Selasa, 01 Desember 2015

Pengorbanan Demi Masa Depan


Bel tanda berakhirnya ulangan akhir semester II pun telah berbunyi, hingga mengejutkan Allan yang tengah tertidur. Ia telah selesai mengerjakan ulangannya, ulangan matematika di hari terakhir bukanlah suatu masalah bagi Allan, ia dapat mengerjakan semua soal dengan baik. Allan adalah anak yang pintar. Ia segera mengumpulkan lembar jawabannya dan segera keluar dari ruang 36.
Ada satu hal yang harus Allan lakukan sekarang, yaitu bimbingan akhir semester bersama pastor pembimbing. Bimbingan ini menentukan nasib setiap seminaris[1] apakah ia akan lanjut atau tidak. Allan menjadi sedikit tegang ia terus memikirkan dia akan lanjut ke kelas poecis[2] atau akan berakhir di kelas syntaxis[3]saja.
Satu persatu temannya di panggil ke ruangan pastor pembimbing, sudah 30 orang di panggil dan semuanya lanjut dan saat ini giliran Fandi dan masih ada 3 orang lagi yang belum dipanggil termasuk Allan. Allan mearasa cemas karena si Fandi sudah 15 menit didalam ruang romo pembimbing namun belum juga keluar, sedangkan yang lainnya hanya 5 menit saja. Dan dugaan Allan betul, Fandi keluar dengan mata yang merah dan muka yang sedih. Ternyata Fandi tidak lanjut, teman-teman Allan langsung mengerumuni Fandi dan bertanya-tanya. Ketika Allan ingin mendekat namanya sudah dipanggil oleh romo, hingga ia membatalkan niatnya untuk bertanya kepada Fandi. Dengan cemas Allan masuk kedalam ruangan pastor pembimbing, “Silahkan duduk,”  kata pastor.
“Allan apakah kamu yakin akan lanjut ke kelas poecis?” Lanjut romo ketika Allan baru saja duduk.
“Iya mo, saya yakin,” jawab Allan dengan percaya diri.
“Saya hargai kepercayaan dirimu Lan, tapi maaf  Lan tingkah kamu sendiri disini tidak mencerminkan bahwa kamu ingin lanjut ke kelas poecis. Jadi, kamu tidak dapat dilanjutkan ke kelas poecis,” kata romo dengan memberikan sebuah surat kepada Allan. Kata-kata dari pastor tadi membuat Allan terdiam sejenak, hingga Allan pun terbawa emosi yang ia berusaha tahan dan ia pun mulai berkata lagi “Tingkah yang seperti apa yang membuat saya  tidak lanjut, mo?” Tanya Allan lagi berusaha membela diri.
“Apa kamu tidak sadar lan? Kamu sering tidur di kelas saat pelajaran.”
“Saya tertidur karena saya merasa lelah dan merasa bosan saat memperhatikan guru sedang menjelaskan mo, jadi itu hal yang wajar menurut saya.” Jawab Allan sambil mengusap air matanya yang hampir jatuh.
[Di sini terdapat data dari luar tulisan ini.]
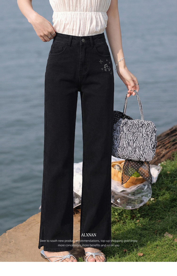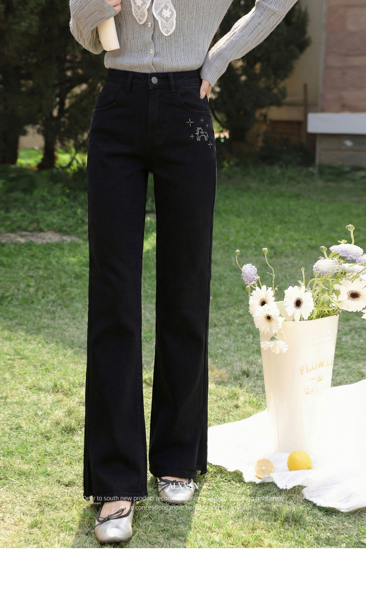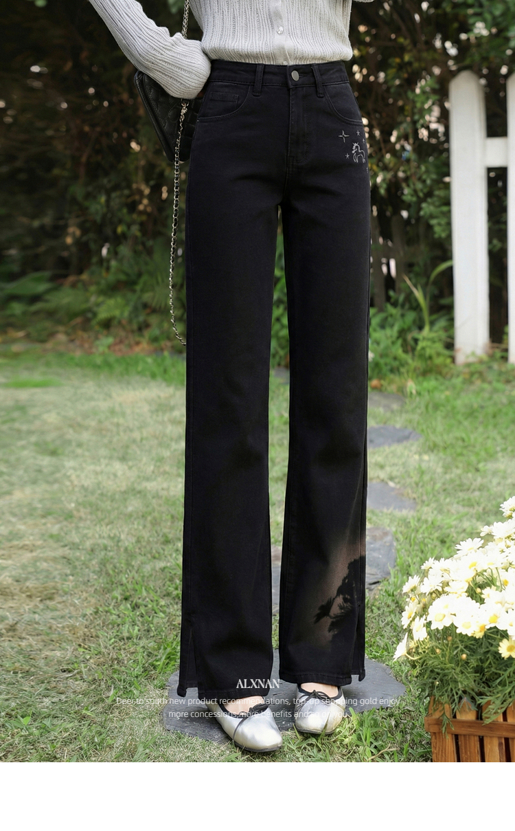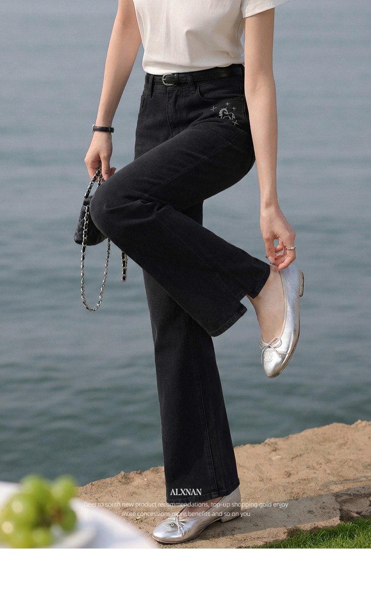 鹿向南「星夜微光」黑色修身牛仔裤女春季新款高腰直筒显瘦长裤子

“Baiklah, itu memang hal yang wajar bagimu karena memang kamu adalah anak yang pintar dan bisa menangkap pelajaran dengan baik, tapi kamu telah membuat kesalahan yang fatal menjadi suatu kebiasaanmu Lan, yaitu kamu sering keluar malam. Kamu tahu kan, kalau keluar malam tidak dapat dimaafkan diseminari ini? Itulah penyebab utamanya kamu mengantuk di kelas, kamu keluar tengah malam dan pulang sekitar jam 2. Banyak bukti dan saksi yang saya miliki bahkan ada kesaksian dari temanmu sendiri Lan.” Jawab pastor menjelaskan semuanya.
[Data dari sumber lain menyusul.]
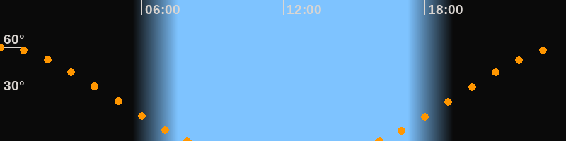 Höchster Stand (Kulmination)23:58 Uhr (h = 60.1°)

Allan pun terkejut karena pastor mengetahui semuanya dan ia pun menjawab “Maafkan kesalahan saya mo, saya berjanji akan merubah tingkah saya jika saya dilanjutkan di kelas poecis nanti. Tolong berikan saya kesempatan yang kedua mo, tapi tolong jangan keluarkan saya, kasihan ibu saya mo.”
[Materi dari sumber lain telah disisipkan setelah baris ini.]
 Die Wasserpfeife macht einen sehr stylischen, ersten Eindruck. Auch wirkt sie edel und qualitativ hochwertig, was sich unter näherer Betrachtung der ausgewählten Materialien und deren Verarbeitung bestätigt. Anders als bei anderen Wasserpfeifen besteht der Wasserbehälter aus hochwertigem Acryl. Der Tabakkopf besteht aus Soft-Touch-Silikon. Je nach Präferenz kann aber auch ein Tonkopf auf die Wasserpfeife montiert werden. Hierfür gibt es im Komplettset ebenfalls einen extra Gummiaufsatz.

“Maaf Lan keputusan tetaplah keputusan. Saya bersama staf lain telah mempertimbangkan semua itu dan kamu tidak bisa lagi tinggal disini. Mungkin kamu dapat berkembang dengan baik diluar sana,” kata romo. Allan pun berdiri dan ingin keluar ruangan “Ingatlah! tunjukan bahwa kamu ada perkembangan yang dapat kamu banggakan walapun kamu telah dikeluarkan. Dan ini bukanlah akhir dari segalanya jika kamu memang ingin menjadi seorang pastor tunjukan bahwa kamu bisa.” Kata romo lagi sebelum Allan keluar meninggalkan ruangan. Allan pun keluar dengan muka yang kusut dan mata yang merah, dan teman-temannya langsung mengerumuni dia.
***
Suara jangkrik yang saling bersaut-sautan di malam hari menemani Allan yang tengah melamun sedih memikirkan kesalahannya, sambil duduk di pinggir kolam diterangi cahaya rembulan malam. Ia sedang memikirkan ibunya yang tinggal sendirian dirumah karena ayahnya yang sudah meninggal 5 tahun yang lalu. ibunya bekerja keras supaya Allan dapat bersekolah di seminari dan menjadi seorang pastor. Ibunya sangat ingin Allan menjadi seorang pastor walaupun Allan adalah anak tunggal dan ibunya harus tinggal dirumah sendirian. Pasti ibunya akan sedih dan marah kepada Allan setelah mengetahui bahwa Allan dikeluarkan karena kesalahan yang tidak wajar.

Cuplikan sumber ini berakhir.